In 2014, he completed a Master of Arts (Research) degree in International Affairs and Diplomacy at the University of Buckingham in the United Kingdom

Nyalandu pursued secondary and primary education in Tanzania. He went to Kibaha Boys' Secondary School and to Ilboru Secondary School. In all these levels he obtained Division One (First Class) in the National Examination. Nyalandu pursued his primary education at Pohama Primary School in his home village in Singida.

Prior to joining party politics, Nyalandu worked as an international affairs and development advisor for the Equal Opportunity Trust Fund, Tanzania from 1999 to 2000. This fund was established and run by Anna Mkapa, the wife of the former president of the United Republic of Tanzania. Before that, Nyalandu served as operations banker at Northwest Bank in Minneapolis from 1998 to 1999.

==Non-political leadership and governance experience==
In April 2015, Nyalandu was appointed vice chair of the New International Executive Board of Directors of Africa Travel Association (ATA), a New York-based trade association promoting travel and tourism to Africa and strengthening intra-Africa partnerships.

Nyalandu has previously served in a number of organizations' boards including chairing the Finance Committee of the Board of Trustees of Tanzania National Parks Authority (TANAPA) from 2007 to 2010.

Nyalandu was also a student leader, known for his role as the national president of Tanzania Christian Students Fellowship (TCSF), commonly known as UKWATA in Tanzania, from 1991 to 1993.

==Political career==
Nyalandu was first elected as Member of Parliament for Singida North constituency in November 2000 and was re-elected in 2005 and 2010. He represented the constituency for three consecutive terms.

During his tenure in Parliament, Nyalandu was involved in development initiatives within Singida North, including projects related to access to clean water, improvements to secondary school science laboratories, and community-based development activities involving both Christian and Muslim religious leaders.

In Parliament, he served on several committees, including the Foreign Affairs Committee and the Public Accounts Committee, on which he served for five years each. He also served as chair of the Tanzanian–Turkish Parliamentary Friendship Group and the Tanzania Young Parliamentarians Association.

===Minister===

As Minister of Natural Resources and Tourism, Nyalandu participated in national and international efforts to address elephant poaching and illegal wildlife trade. During his tenure, Tanzania held significant ivory stockpiles, and the ministry engaged with international partners on issues related to ivory management and monitoring.
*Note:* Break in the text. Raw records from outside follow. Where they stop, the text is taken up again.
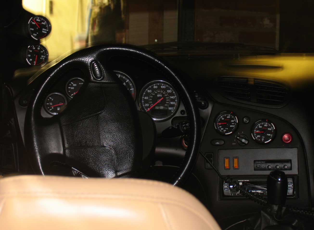 The gauges are Autometer boost on the a-pillar, and water temp/oil pressure/air fuel on the dash. The PFC Commander is also lying by the shifter, as I still need a damn mount for it.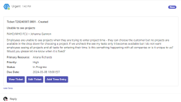 Clicking a button will open the respective ticket or time entry page in Autotask. If you are not logged in, you will be asked to authenticate.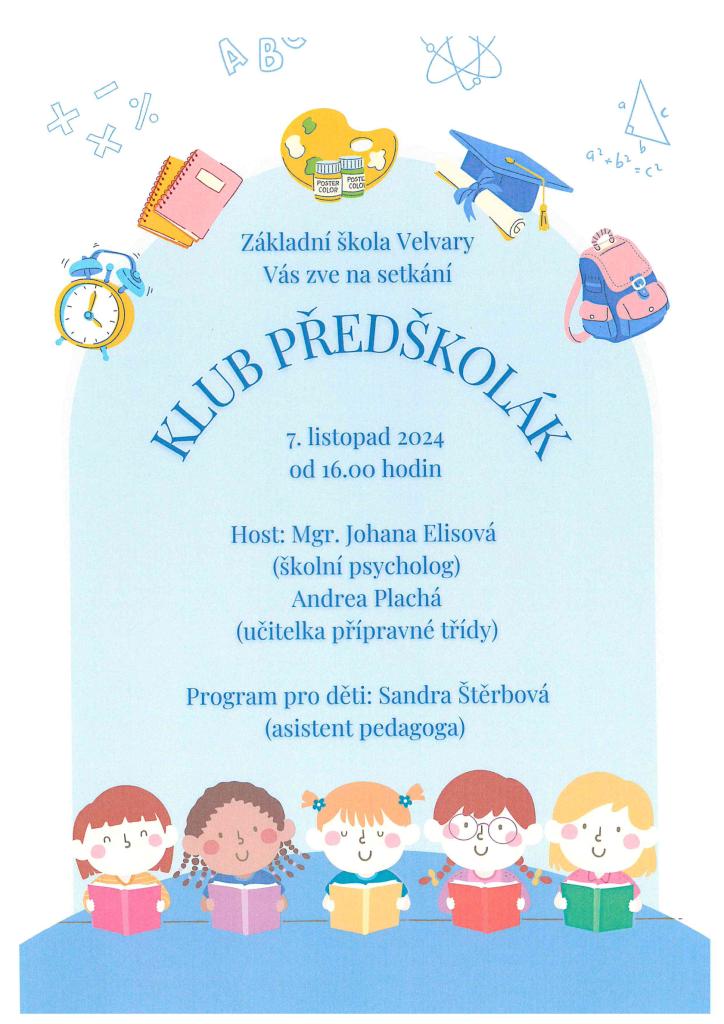 Základní škola Velvary Vás zve na setkání KLUBU PŘEDŠKOLÁK 7.11.2024 od 16 hodin.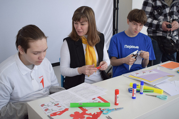 Сегодня, 19 февраля в новом пространстве для работы Советов Первых и молодежи, обустроенном в Ивановском центре социальных компетенций «Притяжение», проведен мастер-класс по изготовлению открытки ко Дню защитника Отечества.
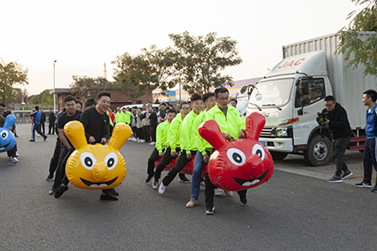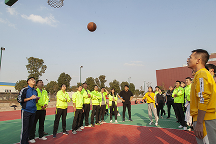 本次運(yùn)動(dòng)會(huì)共設(shè)6個(gè)項(xiàng)目:3V3男子籃球賽、定點(diǎn)投籃、袋鼠跳、三人兩足、毛毛蟲(chóng)競(jìng)速、拔河,旨在以趣味性調(diào)動(dòng)工作積極性,以參與感增進(jìn)集體融入感,加深團(tuán)隊(duì)了解,開(kāi)掘更有默契的協(xié)作能力。 簡(jiǎn)單不失莊重的入場(chǎng)式上,明快有力的音樂(lè)鋪墊出充斥著歡樂(lè)、奮進(jìn)、友誼的氣氛元素,國(guó)旗、公司旗在八位營(yíng)銷員工的護(hù)送下帶領(lǐng)各參賽隊(duì)伍先后入場(chǎng),伴隨著浙閩渝大區(qū)經(jīng)理賴揚(yáng)軍敲響銅鑼,運(yùn)動(dòng)會(huì)正式開(kāi)始。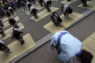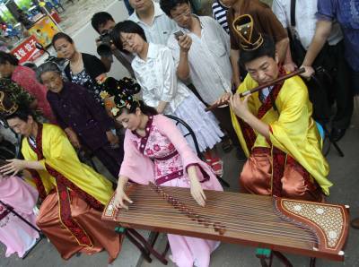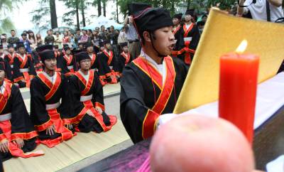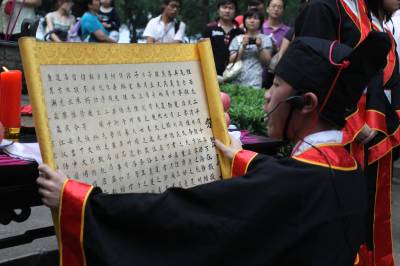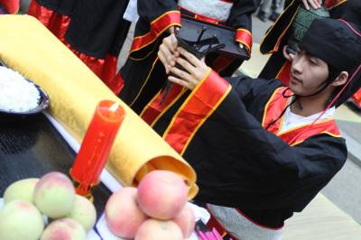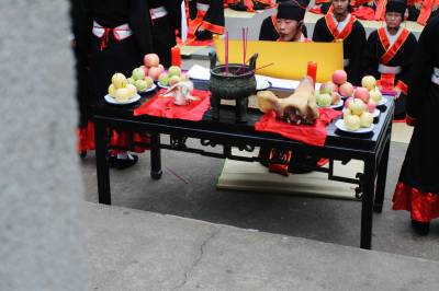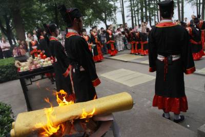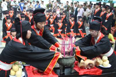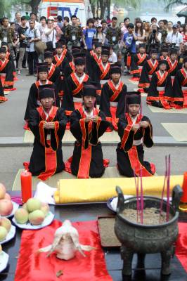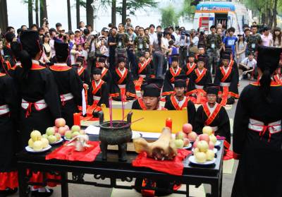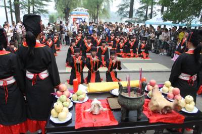 2010年6月15日,湖北武汉,50余名武汉大学国学班的大学生和30余名童学馆的小朋友,在东湖行吟阁前举行”屈原祭祀”活动,缅怀伟大的爱国主义诗人屈原。据了解,屈原祭祀活动分为5个部分:首先,赞礼官唱”行初献礼”声中,祭祀正式开始。4名乐者在祭台前以笙、笛、萧乐器演奏起《楚商》曲,祭者在执事官引导下,向屈原的雕像”初献”:进香进酒并叩拜,再由祝者高诵祭文。其后的”亚献、终献、饮福受胙、望燎”仪式中,身着楚服的国学班学子神色肃穆,共起叩9次,祭文最后一句”神而有灵,其维尚飨”由学子齐诵。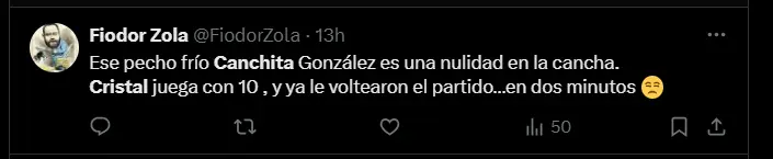 En momentos en los que Sporting Cristal necesitaba calmar el ritmo o retener la posesión, Gonzáles no asumió el protagonismo. El balón pasó más por los pies de Martín Távara y Santiago González que por los suyos, dejando dudas sobre su verdadero peso como generador de juego en encuentros de alto calibre.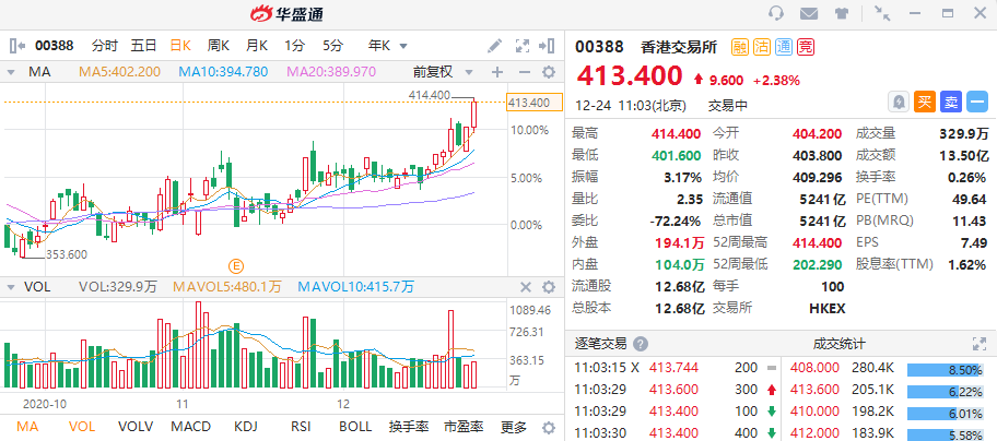 华盛资讯12月24日消息,香港交易所(00388)上午一路高开高走,股价创历史新高。截至发稿,港交所涨2.38%,现报413.4港元每股,当前成交额13.5亿港元,总市值达到5241亿港元。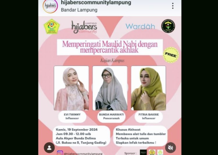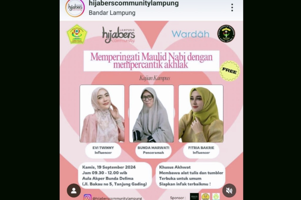 Merapah.com – Hijabers Community Lampung (HCL) akan menggelar kajian kampus bertema “Memperingati Maulid Nabi dengan Mempercantik Akhlak”. Kolaborasi ini melibatkan Akper Bunda Delima, Wardah, dan HCL sebagai penyelenggara. Acara akan berlangsung pada Kamis, 19 September 2024, pukul 09.30–12.00 WIB di Aula Akper Bunda Delima, Tanjung Gading.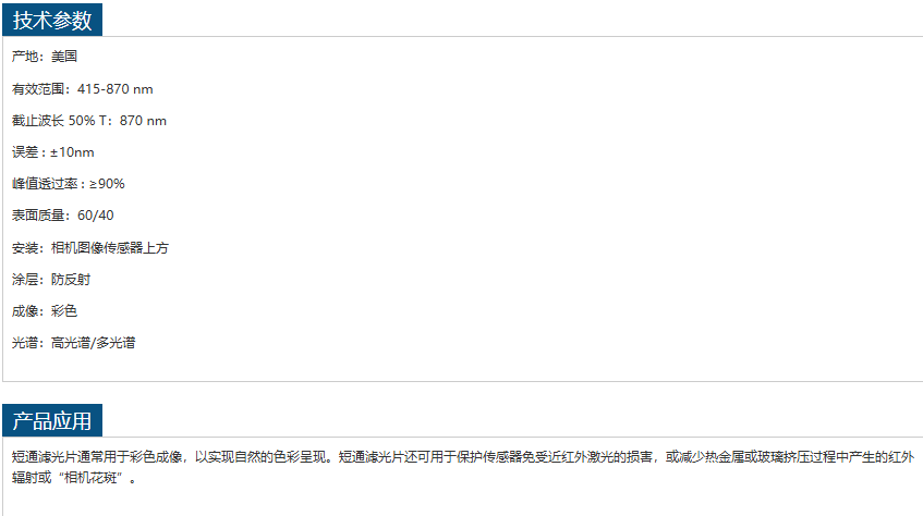 MIDOPT多光谱短通滤光片SP870 手机/微信:13242449659电话:0755-89355351 QQ:842471885 邮箱:842471885@qq.com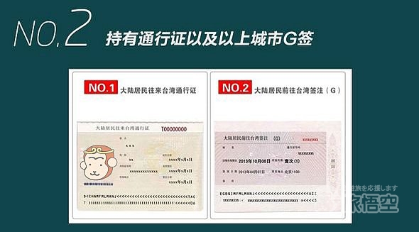 | 入台证 / 台湾通行証 | 1人 | 通过我们订机票,酒店等 | |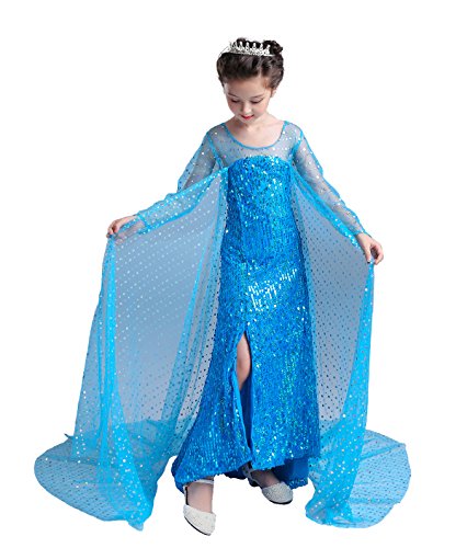 Click for More Images Stunning snow queen inspired costume dress up with train for little girls! A shiny ball gown makes your little one become the most eye-catching ice princess at the party!Glowing floor length dress with sweep train all over...

In May 2014, Nyalandu convened a conference in Tanzania that brought together international development partners and governments, including representatives from the United Kingdom, United States, European Union, World Bank, UNDP, Global Environment Facility, African Development Bank, East African Community, and several ivory consumer countries. The meeting followed the February 2014 Illegal Wildlife Trade Conference held in London and focused on implementation of agreed measures to combat wildlife trafficking.

As minister, Nyalandu also represented Tanzania in international tourism and investment forums. In 2014, Tanzania was selected to host the Africa Hotel Investment Forum for the first time, scheduled to take place in 2015.

During his tenure, the Tanzania Wildlife Authority (TAWA) was established as an autonomous government agency responsible for wildlife management in protected areas outside national parks.

In July 2014, the Ministry of Natural Resources and Tourism revoked the hunting licenses and permits of a company accused of violating hunting regulations. While serving as Deputy Minister for Industry and Trade, Nyalandu also announced measures restricting foreign nationals from operating as vendors in local markets in Dar es Salaam.

===2015 presidential campaign===

On 28 December 2014, he announced his intention to run for the presidency in the 2015 election and joined opposition party CHADEMA which he had unsuccessful Presidential bid against Edward Lowassa as party candidate bearer.

==Personal life==

He is married to Faraja Nyalandu (née Kotta), the winner of Miss Tanzania in 2004. They have two children, Sarah and Christopher. Nyalandu is a Christian.